5.1.  Management ID of the DetNet Flow

   A unique (management) identifier is needed for each DetNet flow
   within the DetNet domain.  It is specified by DnFlowID.  It can be
   used to define the N:1 mapping of DetNet flows to a DetNet service.

5.2.  Payload Type of the DetNet Flow

   The DnPayloadType attribute is set according to the encapsulated App-
   flow format.  The attribute can be Ethernet, MPLS, or IP.

5.3.  Format of the DetNet Flow

   The DnFlowFormat attribute is set according to the DetNet PSN
   technology.  The attribute can be MPLS or IP.

5.4.  Identification and Specification of DetNet Flows

   Identification options for DetNet flows at the Ingress/Egress and
   within the DetNet domain are specified as follows; see Section 5.4.1
   for DetNet MPLS flows and Section 5.4.2 for DetNet IP flows.

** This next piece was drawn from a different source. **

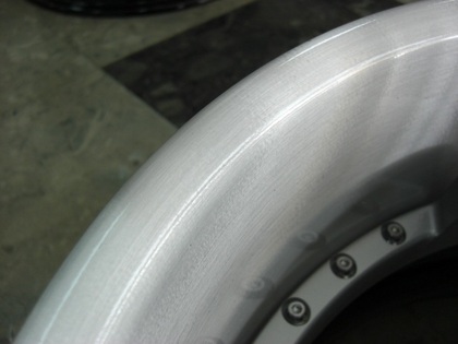 まずはリムとディスクをばらし、リムのパウダーコート下処理で研磨します
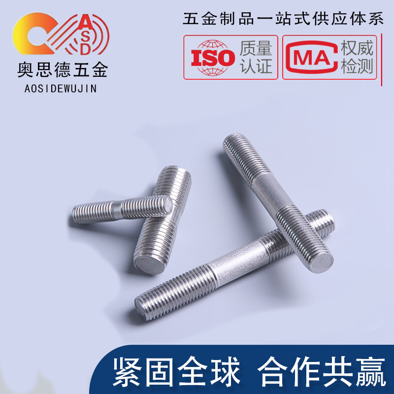奥思德五金采用先进的设备,采用国内优质线材,专业生产不锈钢双头螺栓,牙棒等,材质涵盖SUS304/316/316L,客户群体涵盖机械设备、电力、钢铁、冶金、石油、化工、机床、纺织、汽车、电机、精密仪器、矿山机械、建筑机械、工路工程机械、铁路等领域。规格齐全,库存充足,欢迎选购!

5.4.1.  DetNet MPLS Flow Identification and Specification

   The identification of DetNet MPLS flows within the DetNet domain is
   based on the MPLS context in the service information model.  The
   attributes are specific to the MPLS forwarding paradigm within the
   DetNet domain [RFC8964].  DetNet MPLS flows can be identified and
   specified by the following attributes:

   a.  SLabel
   b.  FLabelStack

5.4.2.  DetNet IP Flow Identification and Specification

   DetNet IP flows can be identified and specified by the following
   attributes [RFC8939]:

   a.  SourceIpAddress
   b.  DestinationIpAddress
   c.  IPv6FlowLabel
   d.  Dscp
   e.  Protocol
   f.  SourcePort
   g.  DestinationPort
   h.  IPSecSpi

   The IP 6-tuple that is used for DetNet IP flow identification
   consists of items a, b, d, e, f, and g.  Items c and h are additional
   attributes that can be used for DetNet flow identification in
   addition to the 6-tuple.  The 6-tuple and use of wild cards for these
   attributes are specified in [RFC8939].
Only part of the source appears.